___ MATERIAL SUPPLIED

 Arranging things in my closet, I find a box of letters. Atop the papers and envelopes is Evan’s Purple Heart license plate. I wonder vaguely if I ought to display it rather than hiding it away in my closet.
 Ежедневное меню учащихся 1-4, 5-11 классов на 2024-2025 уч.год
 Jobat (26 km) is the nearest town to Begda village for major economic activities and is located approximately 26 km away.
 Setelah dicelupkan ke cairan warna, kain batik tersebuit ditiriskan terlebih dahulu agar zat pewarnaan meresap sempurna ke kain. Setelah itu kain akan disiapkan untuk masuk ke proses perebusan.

______
___ MATERIAL SUPPLIED

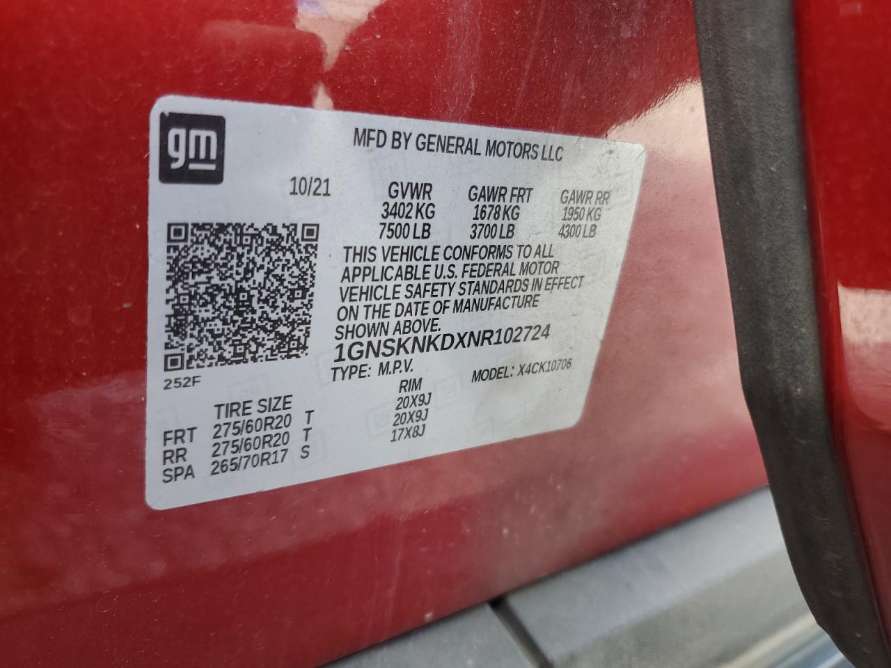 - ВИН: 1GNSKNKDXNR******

______

● TASK TO CARRY OUT
Write out exactly the lines above from the line with "Jobat (26 km)" through the line with "Setelah dicelupkan ke", both of them included, and leave out all other lines.

● EXERCISE RESULT
 Jobat (26 km) is the nearest town to Begda village for major economic activities and is located approximately 26 km away.
 Setelah dicelupkan ke cairan warna, kain batik tersebuit ditiriskan terlebih dahulu agar zat pewarnaan meresap sempurna ke kain. Setelah itu kain akan disiapkan untuk masuk ke proses perebusan.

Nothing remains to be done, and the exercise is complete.